Montesquieu Institute: from science to society

Getting Serious

Monday, August 27 2018, dhr Prashant Sabharwal

Komt er een deal met het Verenigd Koninkrijk over het verlaten van de Europese Unie of niet? Dat is de vraag die velen bezighoudt. Het scenario waarin het VK de EU verlaat zonder een formele terugtrekkingsovereenkomst zou nadelige gevolgen hebben voor de economie van het land en voor de rechten van mensen aan beide zijden van het kanaal. Een analyse van Prashant Sabharwal.


With the summer holidays about to end, Brexit negotiations between the European Union and United Kingdom will resume in earnest. The question on everyone’s mind is simple: Will there be a deal or will the United Kingdom leave the European Union without a deal? On all credible accounts, Britain leaving the European Union without a formal withdrawal agreement would have severely adverse consequences for the country’s economy, as well as the rights of millions of people on both sides of the Channel – despite unilateral moves by some governments to alleviate the situation, the severity of a potential “No Deal” outcome cannot be underlined enough. The issuing of formal technical notices advising businesses and ordinary citizens regarding the consequences of a “No Deal” Brexit only throws this conundrum into even starker relief.

Weakened by the recent resignations of erstwhile Brexit Secretary David Davis and former Foreign Secretary Boris Johnson, Prime Minister Theresa May has to find a way to reconcile the irreconcilable. Leading a minority government, she is buffeted by an increasingly vociferous nationalist hard right within her own Conservative Party, led by the likes of Johnson and Jacob Rees-Mogg – and by a sliver of pro-Remain MPs led by former Attorney General Dominic Grieve and outspoken parliamentarian Anna Soubry. Whilst the implacable pro-Leave faction lacks the gravitas and popularity to win a general election, it certainly possesses the potential to turn the intractable Brexit negotiations into an insurmountable quagmire. The hard right within the Conservative Party regards any kind of negotiation result that would permit a modicum of free movement of workers or retention of EU Customs Union membership as betrayal of what they understand to be the will of the people (about the intellectual difficulty of claiming any sort of mandate from the shambolically organized 2016 Brexit referendum, see here).

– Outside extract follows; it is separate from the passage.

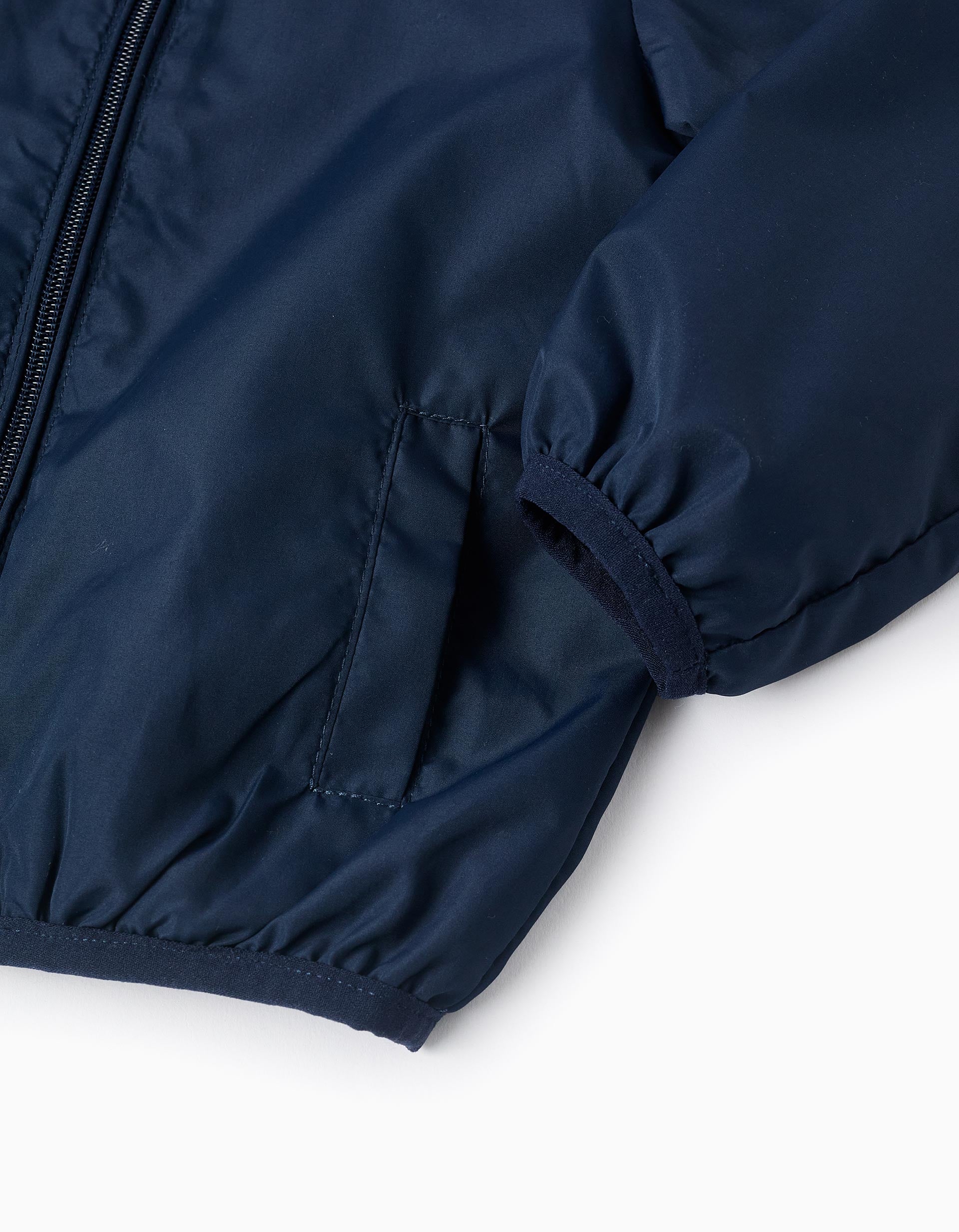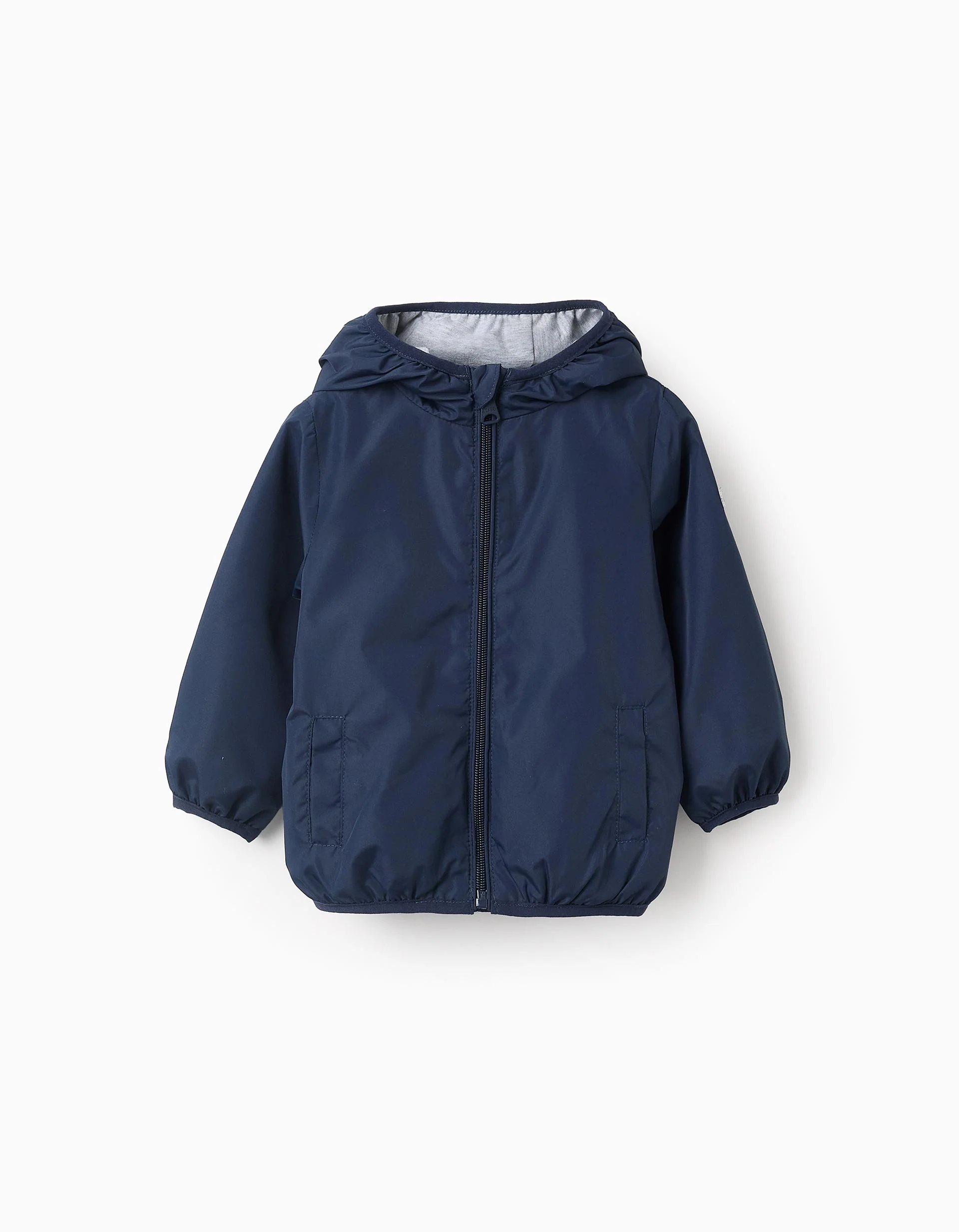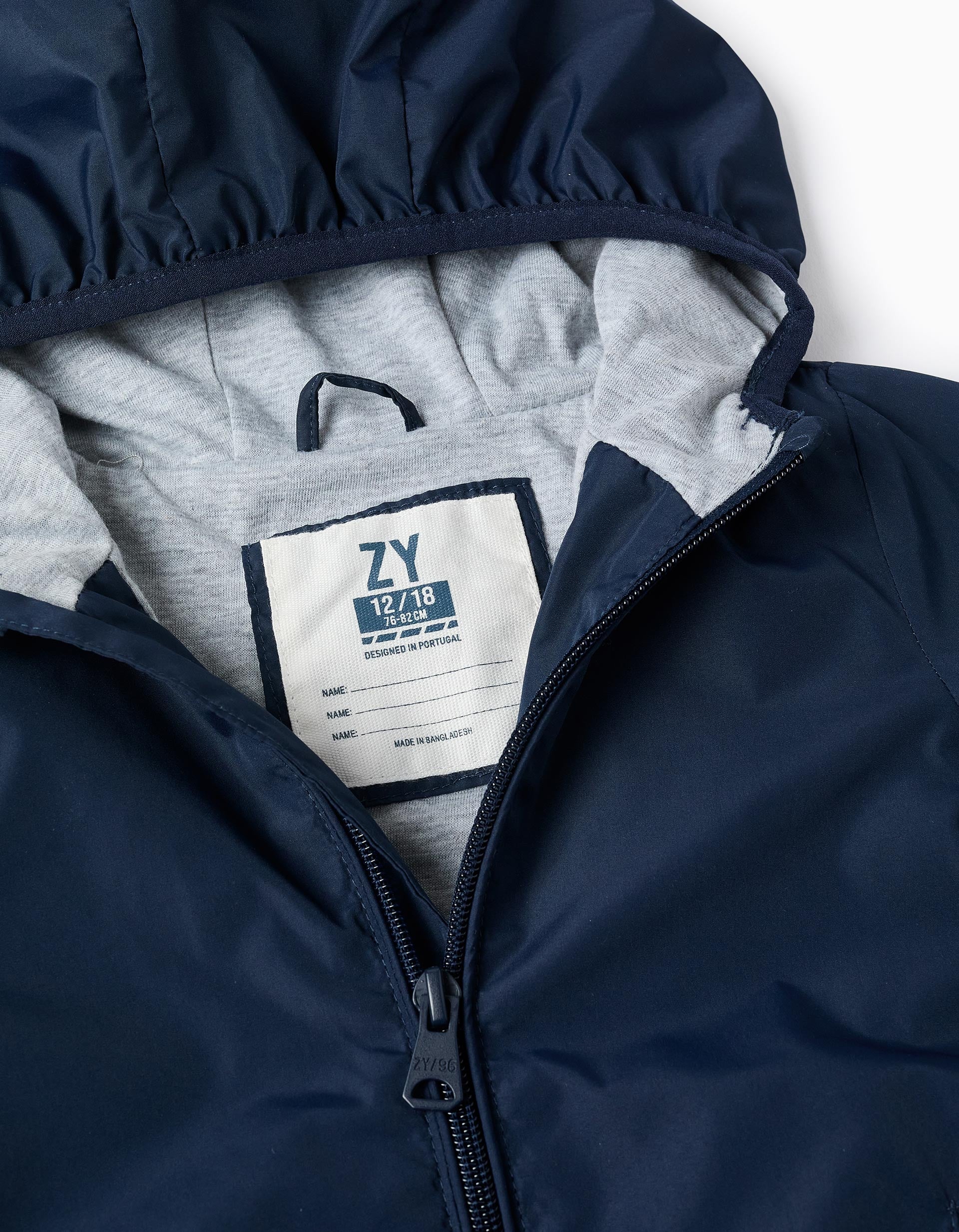 Cortavientos azul oscuro con capucha para bebé niño, con forro de jersey suave gris. Bolsillos laterales. Elástico suave en los puños y el dobladillo para un ajuste perfecto. Etiqueta de goma en la manga. ¡La chaqueta ideal para la entretiempo!

Meanwhile, the European Union, represented in the negotiations by former EU Commissioner Michel Barnier, has not ceded an inch of its core demands: UK membership of the EU Single Market only upon acceptance of all four freedoms underpinning the EU legal order – freedom of capital, freedom of establishment, freedom of services and, crucially, freedom of movement within the entire European Economic Area. This is the principle upon which the European Union’s relations with Norway, Iceland, Liechtenstein and (with some qualifications) Switzerland are based. Considering that the Leave side also advocated withdrawal from the EU for the supposedly enhanced ability to impose tougher controls on immigration, conceding the issue of freedom of movement in order to secure Single Market membership appears a remote possibility. For now.

Another central issue, the status of the (currently open) border between the British province of Northern Ireland and the independent Republic of Ireland, also remains unresolved. Rather than making any meaningful progress over the summer, the ramping-up of hostilities towards the Republic of Ireland in UK press outlets sympathetic to the Conservative Party indicates a breakdown of the trust needed to lead the Brexit negotiations to a successful conclusion. Despite the optimism pushed by new Brexit Secretary Dominic Raab, he cannot talk away the fact that he is entering the scene at a pivotal time for the UK-EU negotiations – with much trust having been frittered away by the incompetent handling of the talks by Mr Davis and the untimely interferences of the likes of Messrs Johnson and Rees-Mogg.

One would usually think that the declining health of a government would be a cause for celebration by the official opposition. Instead, the Labour Party under its leader Jeremy Corbyn is struggling to be heard on the Brexit debate or stay united – despite the fact that three-quarters of its members favour staying in the European Union, Corbyn (suspected of being a closet Eurosceptic himself) refuses to speak out or even countenance a second national referendum to resolve the issue. Such a second referendum has re-emerged as a possibility, especially now as the United Kingdom appears to verge ever-closer to the dreaded “No Deal” scenario – and the public mood is beginning to shift. We will just have to watch and see.